▸ Available data:
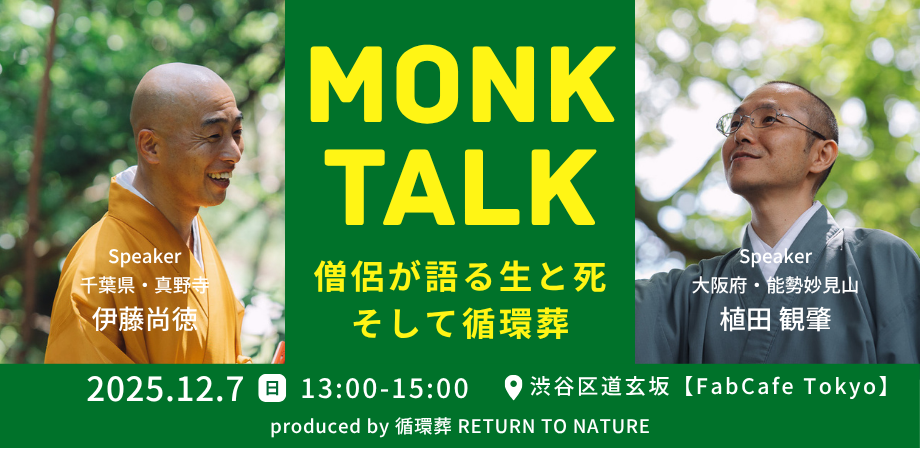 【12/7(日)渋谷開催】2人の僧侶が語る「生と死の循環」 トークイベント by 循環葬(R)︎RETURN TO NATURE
---
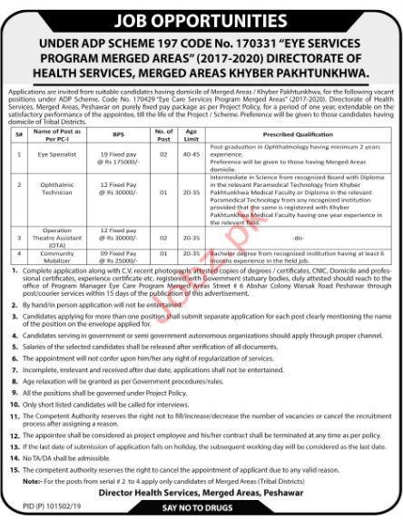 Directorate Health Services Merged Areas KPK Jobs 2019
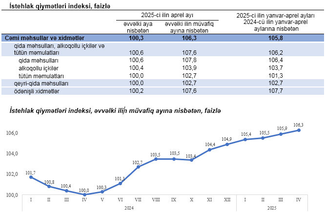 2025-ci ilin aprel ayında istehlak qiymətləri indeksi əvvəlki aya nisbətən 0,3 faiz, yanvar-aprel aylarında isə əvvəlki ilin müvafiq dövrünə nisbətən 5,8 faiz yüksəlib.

▸ The task: From the listing above, restate verbatim the lines running from the one with "Directorate Health Services" through the one with "2025-ci ilin aprel", inclusive, but not the pictures.

▸ Answer below:
 Directorate Health Services Merged Areas KPK Jobs 2019
 2025-ci ilin aprel ayında istehlak qiymətləri indeksi əvvəlki aya nisbətən 0,3 faiz, yanvar-aprel aylarında isə əvvəlki ilin müvafiq dövrünə nisbətən 5,8 faiz yüksəlib.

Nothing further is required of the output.